La politique américaine s'est donc rajustée en conséquence: d’une part les Etats Unis approfondissent la collaboration mais d’autre part exercent plus de pression afin de tourner la coopération dans un sens qui leur soit favorable. D'où, selon la logique financière américaine, quand le risque croît, le recours au hedging est inévitable. Autant les bénéfices de la relation sino-américaine peuvent être élevés, autant le risque est grand. En investissant buying in (maijin) dans les relations avec l’Inde et le Japon, les Etats Unis se protègent d'une "baisse de leur action chinoise". Dans le meilleur des cas, l’investissement américain dans la Chine rapporte des dividendes, mais dans le pire des cas, les Etats-Unis peuvent faire valoir leurs relations avec l’Inde et le Japon contre la Chine et minimiser leurs pertes.

 

Comment pourraient évoluer ces relations?

Les auteurs estiment que l'objectif à terme est d'aboutir à un modus operandi entre les deux puissances, tout en prenant en compte que les enjeux en question sont d’une envergure, nouvelle (pour Da et Sun), que les différences de systèmes de valeurs sont irréconciliables et que la méfiance mutuelle sur les dossiers stratégiques reste très importante (la Chine craint la collaboration américaine avec les différents pays asiatiques au même titre que l'activité chinoise en Asie centrale et les acquisitions faites par les multinationales chinoises inquiètent les Etats-Unis).

 Enfin, les auteurs identifient les obstacles à la réalisation de cet objectif. D'abord, ils mettent en avant un problème commun aux deux pays, à savoir, la tendance vers les influences départementalistes et régionales (bumenhua he difanghua) dans les prises de décisions. "Les deux pays ont un gouvernement central fort avec des dirigeants qui se chargent, en personne, de guider la politique [concernant l'autre pays]". Ensuite, la deuxième administration Bush arrive à sa fin, le Président étant fortement affaibli sur le plan interne, il risque de ne pas être en mesure de traduire cette nouvelle orientation en mesures pratiques, d’autant que le Pentagone et les services de renseignements, ainsi que des groupes d'intérêts, seraient susceptibles de bloquer certaines initiatives concrètes de rapprochement.  Enfin, d'après Da et Sun, la Chine se trouve confrontée, elle aussi, à "certains défis", car accepter de devenir un stakeholder pourrait non seulement mettre en cause ses intérêts nationaux en matière de sécurité financière et énergétique, mais pourrait également être perçu par les pays asiatiques ou par les pays en voie de développement comme un alignement aux côtés des Etats-Unis, réfutant ainsi la politique étrangère indépendante de la Chine. 

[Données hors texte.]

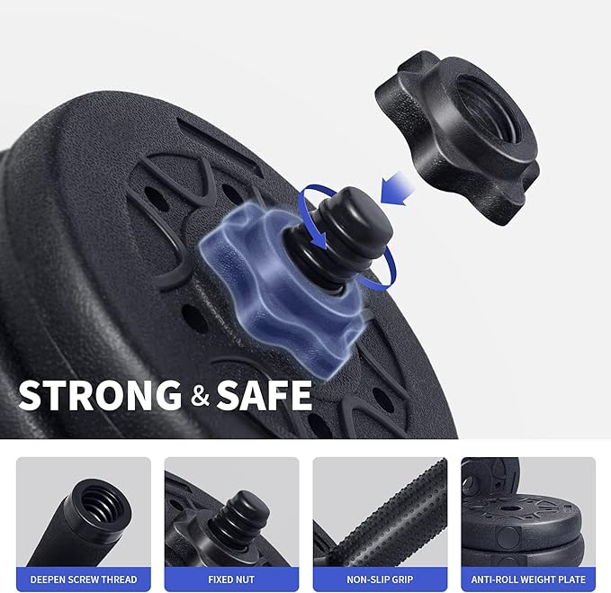 BEZPIECZNE I ANTYCHNE PROJEKTOWANIE : zestaw hantli jest wyposażony w antypoślizgowy uchwyt, który pozwala na stworzenie wygodnego chwytu i znacznie poprawia tarcie, zapewniając pewny, bezpieczniejszy i wygodniejszy chwyt. 4 gwiazdkowe zamki bezpieczeństwa zapobiegają toczeniu się i przymocowanie ciężarów do hantli. Antypoślizgowe podkładki boczne zapobiegają toczeniu się hantli.

"Comment résoudre ces problèmes de façon équilibrée est un défi auquel doit faire face le gouvernement chinois, mais les décideurs américains, qui demandent à la Chine 'd'assumer une partie des gains et des pertes' (fendan lihai), devraient également en être conscients."



[1] "Whither China: From Membership to Responsibility", à http://www.state.gov/s/d/rem/53682.htm
[2] Richard Haass, "The Case for Integration", The National Interest, Fall 2005, pp. 22-29
[3] Un dialogue qualifié à la fois "stratégique"  et de "haut niveau" -战略/高层对话
[4] Or, il ne définit toutefois pas ce qu'il entend par sécurité politique et culturelle, des choix curieux car les points communs sur ces aspects sont assez peu nombreux. D'ailleurs, Da et Sun ne partagent pas cette vision et estiment que les divergences sont quasi irréconciliables sur les questions culturelles, politiques et que la sécurité énergétique est une priorité stratégique d'ordre national.